Stored dataset items
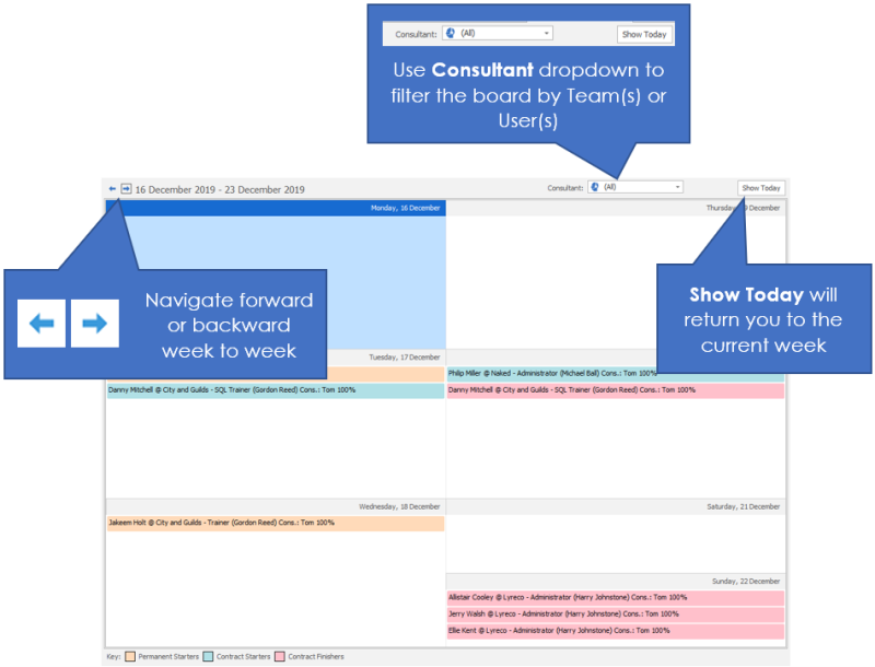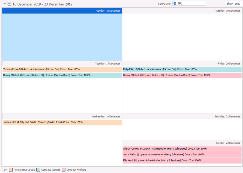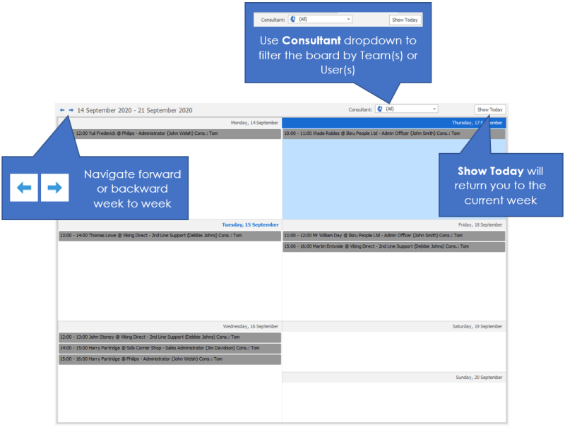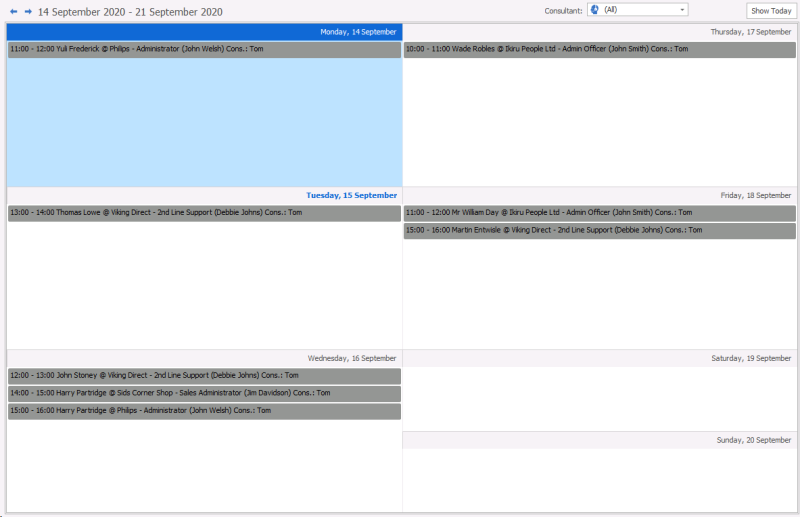 This shows a defaulting weekly view of the external (client) interviews that are due to happen. Double click on any entry to go to the interview record. You can leave the interview board open as a tab to review to throughout the day
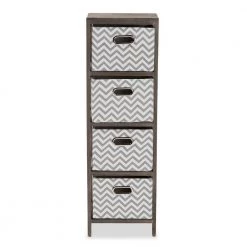 Encourage a lively, energetic atmosphere in your home with the striking design of the Jorah storage unit. Made in China, this unit is comprised of a lightweight wood frame fitted with fabric upholstered baskets. Four baskets provide ample storage space to organize and declutter busy areas of your home. Comes fully assembled, the Jorah features sleek metal handles that heighten its contemporary design. A stylish and efficient addition, the Jorah storage unit enhances the interior of any space.
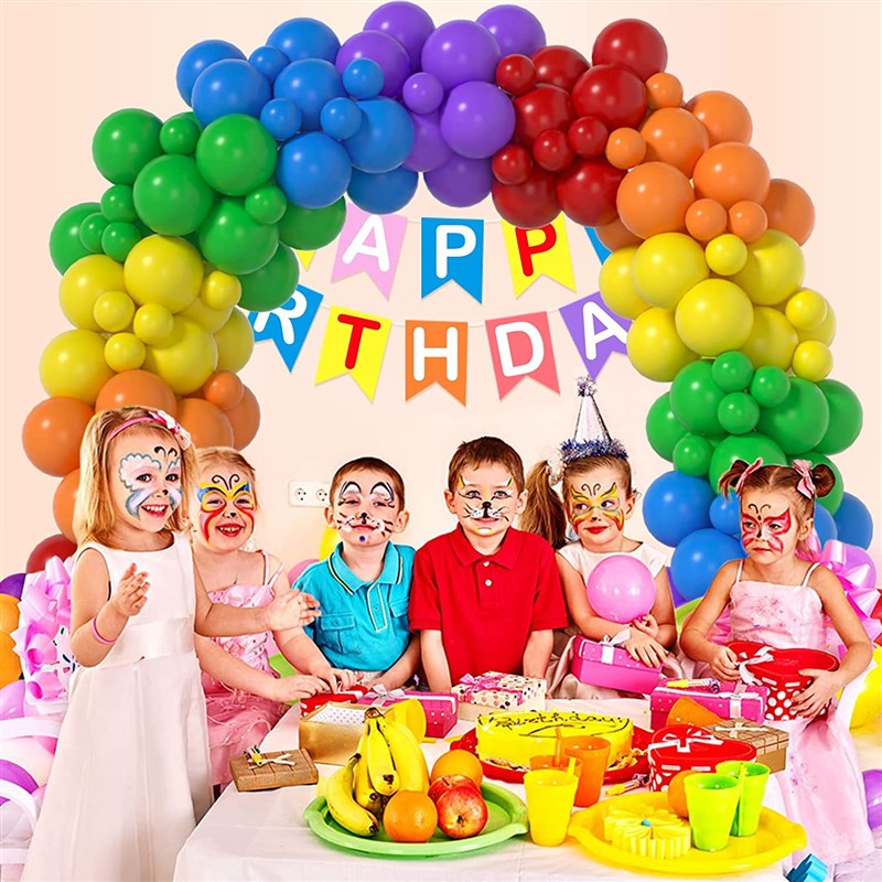 175件彩虹乳胶气球拱形套装 儿童生日花环背景装饰气球链拱门套餐
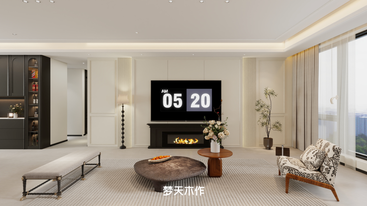 步入客厅,自然气息迎面而来,回家的心情得以转化与放松。观景玻璃窗给予空间开阔的视野,电视柜贯穿整面墙,带来线条的连续和伸展。家具的摆放遵循实用的原则,简单且更具可移动灵活性,填补了简约的留白,丰富空间的气质,通透而舒适。
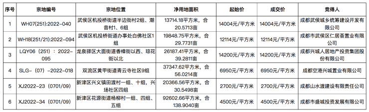 另外14宗地块均以底价成交。其中,本批次宗地限定房价(清水)超过3万元/平方米的另一宗地块为高新区桂溪街道铜牌村9组、10组地块,该地块净用地面积26187.4平方米(合39.2811亩),起拍总价80526万元,宗地限定房价32000元/平方米。按照成交结果,该地块由成都高投置业有限公司底价竞得,成交单价15375元/平方米。
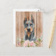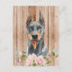 Realistische Doberman Hund Aquarellbilder mit hübschem Blumenspray auf Imitaten Holzpaneelhintergrund.
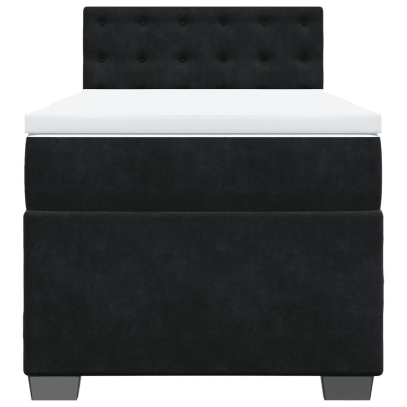 Боксспринг легло с матрак, черна, 90x190 см, кадифе
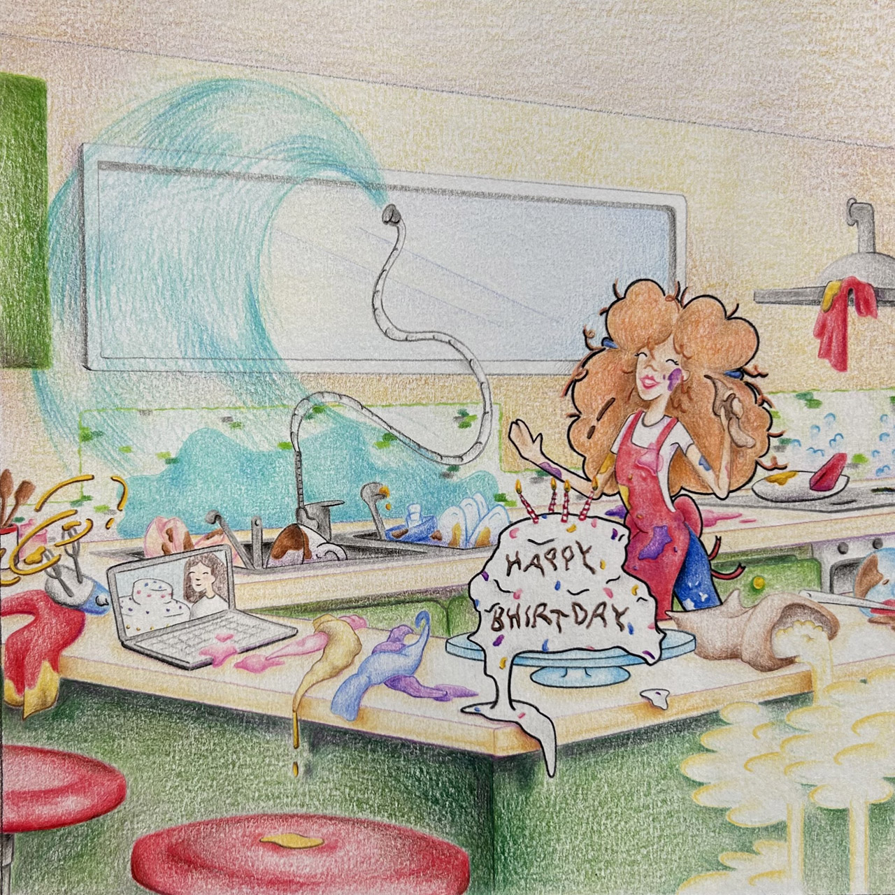 Volevo rappresentare un flop divertente, la ragazza felice di aver finalmente terminato la sua opera d’arte se così possiamo chiamarla,…

• **Work to be completed**: Exactly the lines from the start of the entries above through the line with "步入客厅,自然气息迎面而来,回家的心情得" should be reproduced, and nothing else; drop the pictures.

• **Answer section**:
 This shows a defaulting weekly view of the external (client) interviews that are due to happen. Double click on any entry to go to the interview record. You can leave the interview board open as a tab to review to throughout the day
 Encourage a lively, energetic atmosphere in your home with the striking design of the Jorah storage unit. Made in China, this unit is comprised of a lightweight wood frame fitted with fabric upholstered baskets. Four baskets provide ample storage space to organize and declutter busy areas of your home. Comes fully assembled, the Jorah features sleek metal handles that heighten its contemporary design. A stylish and efficient addition, the Jorah storage unit enhances the interior of any space.
 175件彩虹乳胶气球拱形套装 儿童生日花环背景装饰气球链拱门套餐
 步入客厅,自然气息迎面而来,回家的心情得以转化与放松。观景玻璃窗给予空间开阔的视野,电视柜贯穿整面墙,带来线条的连续和伸展。家具的摆放遵循实用的原则,简单且更具可移动灵活性,填补了简约的留白,丰富空间的气质,通透而舒适。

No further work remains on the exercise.